One Simple Step toward Higher Customer Retention
If you had a way of cloning all of your customer support staff, would that solve your problem? Probably not! You’d still have to pay them and probably feed them too. But what if you could create an online customer support community, and invite your customers, partners, and employees to participate? The fact is that more and more companies, especially B2B organizations, are taking the right steps to incorporate product support communities into their overall digital web strategy because they realize there are lots of smart people who want to be a part of the solution. Sure, there is an investment there. But the ROI can be addressed pretty simply. So if you can stand-up an online community and staff it with at least one dedicated community manager who is connected to the rest of the smart people in your organization – specifically, your support staff, for less than the cost of 1,000 deflected calls, then you’ll break-even at a minimum. More than likely, you’ll see a higher number of deflected calls since I was being conservative.

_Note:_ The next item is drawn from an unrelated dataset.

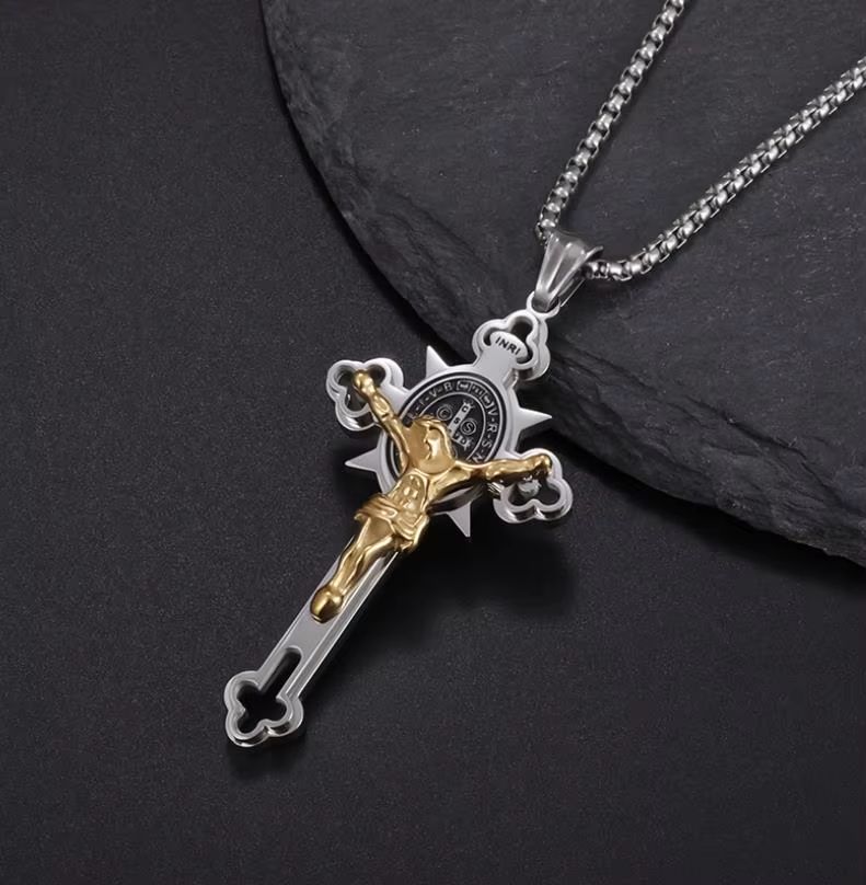 Para o homem que não abre mão de estilo nem de sua fé, este colar de cruz é a escolha ideal. Feito de aço inoxidável, é durável e prático, enquanto as tonalidades de ouro e prata elevam seu visual para um nível mais luxuoso. Como acessório religioso, ele serve como lembrete constante da crença, acompanhando você em cada momento do dia. Seja com camisa social, suéter ou camiseta, ele complementa o look sem esforço. Resistente a água leve, não precisa se preocupar com chuvas leves ou suor. Um produto feito para homens que buscam excelência em cada detalhe.

Don’t behave like a cable company
If you work for a cable company, I’m sorry if I upset you but I want to share a story from my colleague, Linda. She told me about a frustration she is having with her cable company. Her service was down and she wanted a reduction in her monthly bill during the outage. She spoke to three different low-level minions who either transferred her to billing, told her "we'll take care of it" yet did nothing or said “no” and something about “company policy” which is never the right thing to say to a customer, by the way. So Linda did what any smart consumer does, she took her beef to social media. Here’s the irony. The cable company responded immediately with an apology and an offer to refund her money. So they paid for all those calls from Linda into their Customer Service Center (probably costing $300-$600 total) and the software that listens to online for issues and sends an alert as well as the social media manager who had to tender the apology and refund her the $50 for her bill. Sadly, they will potential pay even more in defections by other customers who saw Linda’s original complaint but did not see the reply.
Why Not Create a Community In-house?
Now imagine if that same cable company had a customer care community on their website. Linda could have first searched their website to see if there was a known outage. Perhaps she could have seen that the company was already aware of the issue and was working on it and would be proactively refunding their customers for the inconvenience. Linda never would have called the company and rather than post a complaint on social media, perhaps she would have posted a “thank you” right on the company’s website. Now imagine if she just had a question. Maybe she wanted to know if a universal remote control would work with her cable box. Probably a hundred other customers had the same question and would have not only told Linda how to set it up but might have even given her the link to the eCommerce site that sold the remote they recommended.
I’d love to hear about your ideas on how companies can do a better job retaining their customers with an online community.